回答

Q 葬儀や法事に参列した時の心がけを教えて下さい。
A

 葬儀のときや、四十九日忌のように葬儀に近いうちの法事では、遺族・親族をはじめ参列される方々は悲しみの内にあることでしょう。またそのような中でも、葬儀・法事を滞りなく進めるべく遺族の方々は緊張の中にあり、心身共に負担がかかっているはずです。こうした当然の事情をふまえ、参列者は常識的な気遣いを心がければよいはずです。

 例えば、全体の進行を遅らせるようなことを慎むべきです。自分に対する応対にあまり時間をかけさせないようにする、焼香をするときなどに必要以上に丁寧に時間をかけたり、大げさな感情表現をしない、無用の譲り合いをしないなど、いくらでも細かい気遣いができるはずです。また、故人に近い人々の心情をその人の立場で考えれば、話題にも注意すべきでしょう。段取りに多少の落ち度があったとしても、それをあげつらっているようでは何をしに来たのかわかりません。

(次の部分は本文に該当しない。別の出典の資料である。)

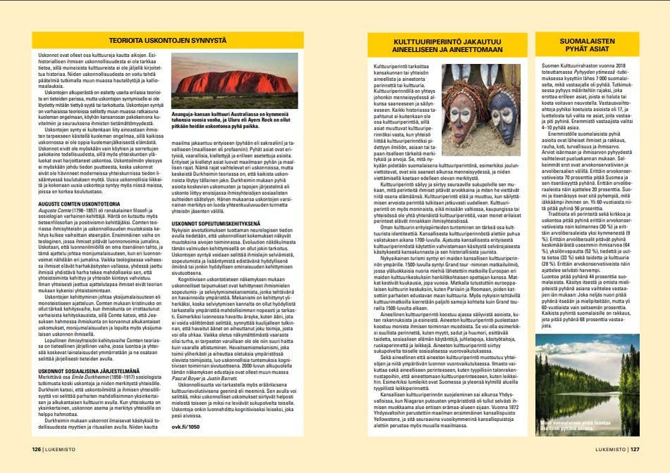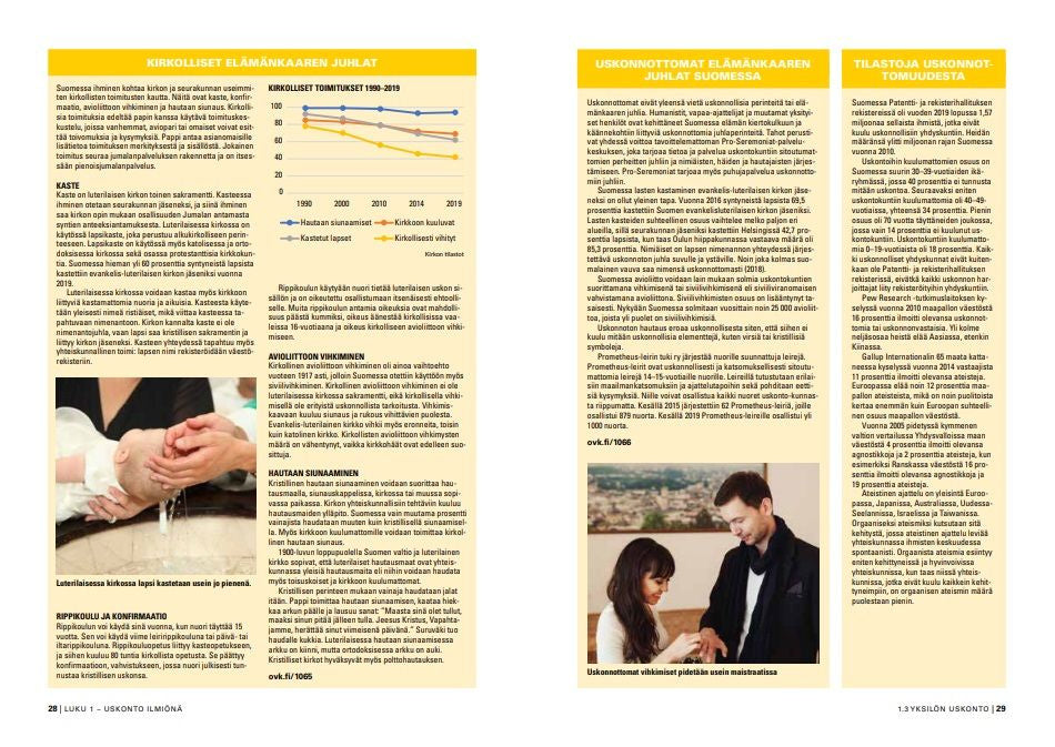 Kirjan luvuissa on esitetty keskeinen aines päätekstissä ja syventävä aines värillisellä pohjalla olevissa lisäteksteissä. Kirjan lopussa on lisäksi laaja lukemisto. Lukemisto laajentaa uskonnon ensimmäisen kurssin sisältöjä olennaisella ja oivaltavalla tavalla. Tämä tarjoaa kiinnostavia lukuhetkiä niille, jotka opiskelevat vain uskonnon pakolliset kurssit. Lisäksi lukemisto tarjoaa uskonnon ylioppilaskirjoituksissa kirjoittaville mahdollisuuden tavoitella korkeinta arvosanaa.
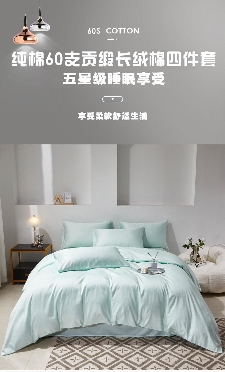 当前位置: 91家纺网 > 商品网购 > 床品套件 > 四件套 > 全棉普通四件套 > 晶缦家纺 2024新款全棉60支贡缎长绒棉纯色多规格四件套和单品-琅夕系列 四件套 琅夕-天青绿
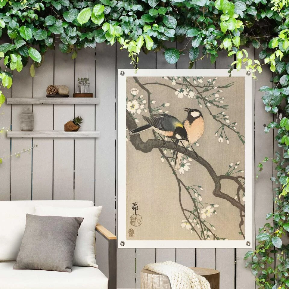 Tuinposter Ohara Koson Koolmezen Op Bloesemtak 80×60 Cm Beige

 法事とは、もともとは広く仏教の行事を指していましたが、現在では亡くなった方のために供養することをいいます。しかしながら、「故人のため」という限定的な捉え方では、葬儀・法事の意義は尽くせません。法事に参列する人々が故人を偲び、改めてその恩に報いてしっかりと人生を歩む気持ちを起こすことは、やがて広く社会・人々のためになるはずです。こうしたことに思いを巡らすなら、おのずと参列の心がけも深く考えることになるでしょう。そして、実はこの「他人を気遣ってよく考えて言動する」ことこそ、「仏教に基づいた儀式」としての法事の重要な意義のひとつと考えるべきでしょう。